A & C Edwards of Ashby, Mass.
This example features a hard wood case that is constructed in birch and retains finish that may be 50 plus years old. This surface is consistent throughout the case construction and shows some areas of light crazing. The case is supported by an applied molding that transitions into a bracket foot. The waist is long and narrow. The length of the waist adds to the overall excellent proportions of this case. A large rectangular shaped waist door is centered here. This door features a simple molded edge and is hinged from the right. The molded arched bonnet features a pierced and open fret work design. This is a form that is traditional found on clocks from this region. Three chimney or finial plinths supports three brass ball and spiked finials. The bonnet door is an arched form and is fitted with glass. Fully turned bonnet columns that are free standing support the upper bonnet molding. These are mounted into brass capitals.
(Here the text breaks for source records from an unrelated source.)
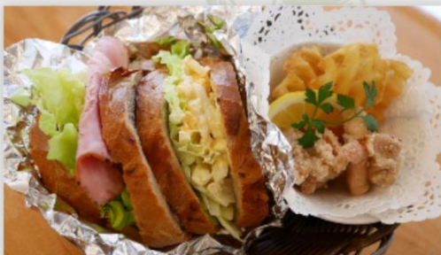
たまごサラダサンド 1個 ポークパストラミサンド 1個 から揚げ 2個 ワッフルポテト
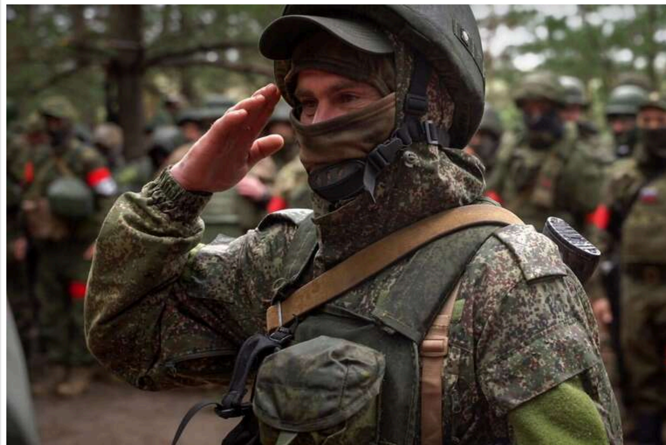
Окупанти продовжують наступ на Курахове з південно-західного напрямку, - DeepState

Російські війська продовжують наступ на Курахове з південно-західного напрямку, створюючи загрозу ізоляції міста від головної дороги.
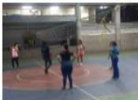
Porte para hacer cruzados con parejo
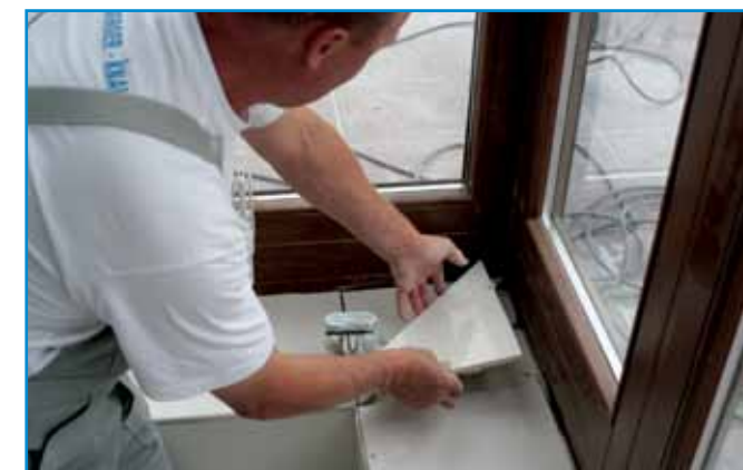
Fehér lapoknál célszerű fehér flexibilis ragasztó (Flex W) használata.
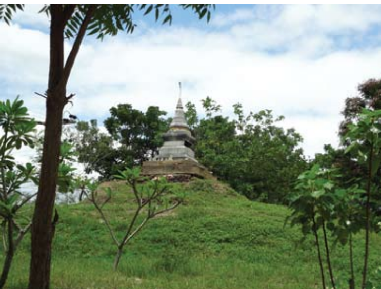
แนวคันดินใกล้กับสระเกษ ด้านล่างมีฐานอาคารก่อด้วยอิฐ แต่เจดีย์ด้านบนเป็นสิ่งก่อสร้างใหม่

“... ที่สระนั้นมันมีฐานต่าง ๆ อยู่อย่างไม่เป็นระเบียบ ตรงทางที่ขึ้นไปถึงสระคาก่อน สระขมนานอยู่ข้างเหนือ สระแก้ว อยู่ตะวันตกเกือบจะตรงกับสระคา สระเกษอยู่ข้างใต้แนวเดียวกับสระแก้ว แลเห็นปรากฏว่าเป็นสระที่ขุด มีเจดีย์ซึ่งว่ามีรูปหนึ่ง ไหลเฉียงเอาชื่อไม่ได้ ไปก่อสร้างฐานของเก่า ที่สระคา แห่งหนึ่ง สระขมนานแห่งหนึ่ง ที่สระแก้วเป็นศาลเจ้า ที่ซึ่งสำหรับ บวงสรวงก่อนตักน้ำสรง แต่ที่สระเกษนั้นมีคันดินสูงยาวไปมาก ที่บนนั้นมีรากก่อพื้นดินสูงจะเป็นเจดีย์กมณชบ ซึ่งถูกแก้แต่ไม่สำเร็จ สงสัยว่าที่เหล่านี้จะเป็นเทวสถานมีใช้วัด สระที่ขุดไว้เหล่านี้เป็นสระสำหรับพราหมณ์ลงชุบน้ำ ให้ผ้าเปียกเสีย ก่อนที่จะเข้าไปมัสการตามลัทธิศาสนาพราหมณ์ จึงจะได้เป็น สระที่ศักดิ์สิทธิ์ คันดินที่กล่าวนี้ว่ามียาวไปมาก น่าจะเป็นถนนถึงเมืองเก่า ที่นี้จะเป็นเทวสถานกวดพราหมณ์ที่ศักดิ์สิทธิ์ แห่งหนึ่งมาแต่สุพรรณเก่า จึงได้ใช้น้ำนี้เป็นน้ำอภิเษกสืบมา แต่โบราณ ก่อนพุทธศาสนาจะมาประดิษฐานในประเทศแถบนี้ มีเรื่องที่เกี่ยวข้องหลายเรื่อง เช่นพระเจ้าประทุมสุริวงษ์ เป็นเจ้าที่เกิดในดอกบัว ฤมาแต่ประเทศอินเดีย อันเป็นเจ้าแผ่นดินที่ ๑ ฤที่ ๒ ในวงศ์พรอินทร์ที่ครองกรุงอินทปัดพรนครหลวงเจ้าของพรนครวัด ก่อนพุทธศาสนากาลจะราชาภิเศกต้องให้มา ตักน้ำสี่สระนี้ไป แลในการพระราชพิธีอภิเศกต่าง ๆ ต้องใช้น้ำสี่สระนี้ พระเจ้าสินธพอมรินทร์พญาแกรกราชาภิเศก กรุงละโว้ ประมาณ ๑๔๐๐ ปีก็ว่าใช้น้ำสี่สระนี้ราชาภิเศก พระเจ้าอรุณมหาราชกรุงสุโขทัยจะทำการราชาภิเศกก็ต้องลงมาตีเมืองเหล่านี้ให้อยู่ในอำนาจ แล้วจึงตักน้ำไปราชาภิเศก จึงเป็นธรรมเนียมเจ้าแผ่นดินสยามทุกพระองค์ สรงมูรธาภิเศกแรกเสวยราชแลตลอดมาด้วยน้ำสี่สระนี้ มีเลขประจำเฝ้าสระรักษา
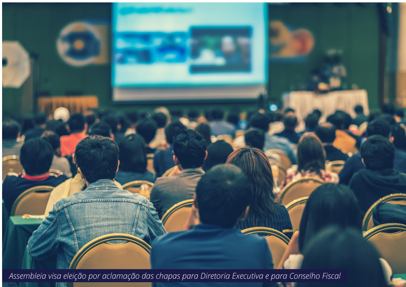
Assembleia visa eleição por aclamação das chapas para Diretoria Executiva e para Conselho Fiscal

ções que lhes conferem o artigo 53, § 1º, do Estatuto desta Entidade, e nos termos dos artigos 8º, inc. III, 9º, 37, inc. VI, da Constituição da República, convoca:
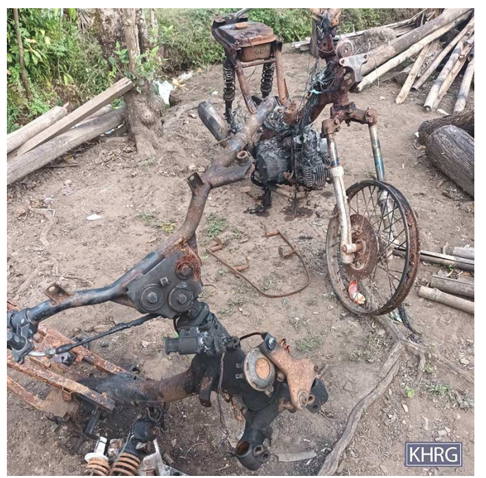
ဤဓာတ်ပုံအား ၂၀၂၅ ခုနှစ်၊ ဒီဇင်ဘာလ ၈ ရက်နေ့တွင် ဒူးပလာယာခရိုင်၊ ဝေါရေမြို့ နယ်၊ ကရေထကျေးရွာ အုပ်စု ကက--- ကျေး ရွာတွင် မှတ်တမ်းတင်ခဲ့သည်။ ပုံတွင် မြန်မာစစ်တပ်နှင့် PDF တပ်ဖွဲ့များ ကျေးရွာအတွင်းပစ်ခတ်တိုက်ခိုက်ကြသောကြောင့် မီးလောင်ကျွမ်းသွားသော စောစ --- ၏ ဆိုင်ကယ်ပြင်ဆိုင်နှင့် ဆိုင်ကယ်နှစ်စီး၏ ပုံ အားဖော်ပြထားခြင်းဖြစ်သည်။

၂၀၂၅ ခုနှစ်၊ နိုဝင်ဘာလ ၁၅ ရက်နေ့ နံနက် ၉ နာရီတွင် မြန်မာစစ်တပ် ခြေလျင်တပ်ရင်း (ခလရ - ၅၉၁) မှ တပ်သားများသည် ဒူးပလာယာ ခရိုင်၊ ဝေါရေမြို့နယ်၊ ကရေထကျေးရွာအုပ်စု၊ ကက--- ကျေးရွာ အတွင်းသို့ ဝင်ရောက်ခဲ့သည်။ မြန်မာစစ်သားများသည် ကျေးရွာသူကြီး
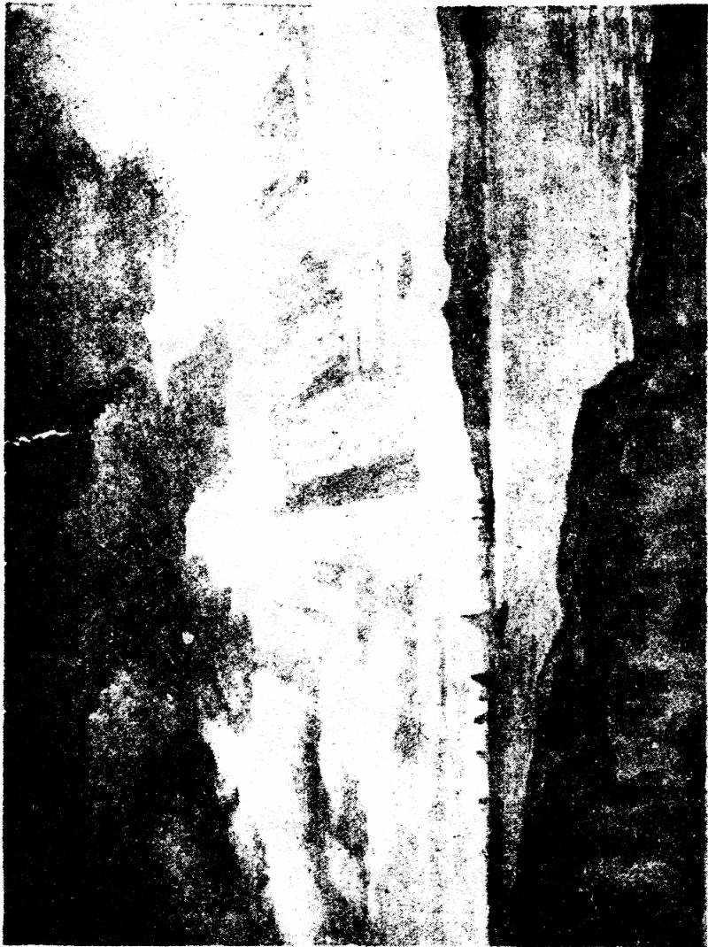
Вид — Прибережье Ирландіи.

Бог сотворил землю для человеков. (Исаия 45:12, 18) Он поместил владетельство в землю и вокруг земли для блага и общей пользы людей. Сила, заключающаяся в волнах морских, принадлежит Господу, ибо "Господня — земля и что наполняет ее" (Псалт. 23:1) Всѣ избрѣненія доущены Господом Богом для общаго благополучія всѣх людей. — Дан. 12:1. — Стр. 326.
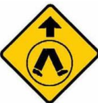
前方有行人過路處。
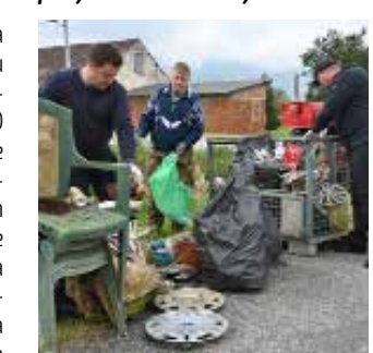
Gomila otpada izvučena je iz graba pokraj ceste

Očišćen je zaseok Krtnjeki te potez od kapelice u Jerovcu do pružnog prijelaza u Kuljevčici
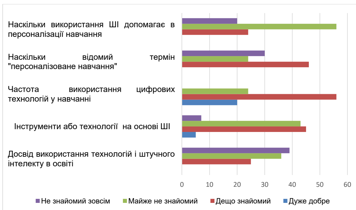
Рис. 1. Результати опитування щодо можливостей персоналізованого навчання засобами ШІ

завантажити відеофайл або вказати посилання на нього. Далі система автоматично генерує стислий опис відео, який може бути додатково налаштований користувачем. Функціональність інструменту дає змогу не лише отримати загальне уявлення про зміст відео, а й виді-

The colorfully painted dial is wood. The floral designs and coloring used here are quite typical for this Maker. The Clockmaker's name is signed within the time track. This clock is signed in block lettering, "A & C, Edwards / Ashby." The time ring is formatted with Roman hour numerals and Arabic numerals indicate the minutes. The wooden geared movement is the construction one expects from the Ashby / Ashburnham clockmaking school. These types of wooden geared movements are designed to run 30 hours on a full wind and strike the hour on a cast bell. It features a count wheel striking system. The count wheel is located on the outside of the movement on the back plate.
This fine clock was made circa 1798. It stands approximately 7 feet 7 inches or 91 inches tall to the top of the center finial.
About Abraham & Calvin Edwards of Ashby, Massachusetts.
Abraham Edwards is believed to have been born in Concord, Massachusetts in 1761. His younger brother Calvin was born two years later in 1763. Both were the sons of Samuel Edwards and Huldah Easterbrook of Concord. The family moved from Concord to Ashby, Massachusetts sometime in 1777. Ashby was then and still is today a small village located in Massachusetts on the New Hampshire boarder due North of Worcester. Both Abraham and Calvin were hard workers and owned everything in common including several pieces of land in the town of Ashby. They entered a partnership in 1792 and made wooden gear clocks. These clocks are signed on their dials A & C Edwards. This partnership lasts approximately four short years before Calvin’s death at the age of 33. While alive, the partnership appears to have produced in excess of 530 plus clocks. Often times the production number is listed at greater than 600, but the highest number that I have personally seen recorded is in the upper 530’s. It is assumed that all the clocks made after the partnership ended are signed by Abraham only. Of which, many such examples have been found. Early examples of the A&C partnership features composite metal dials. The later examples, sometime after the number 211, feature the use of a painted wooden dial. Abraham and Calvin were responsible for training other clockmakers. Some of which include Abraham’s son John, Calvin’s sons Calvin Jr. and Samuel, Alexander, Jacob and Philander Jacob Willard of Ashburnham, Wendell and his brother Whittear Perkins and possibly John Barker of Worcester. This list of names is still growing.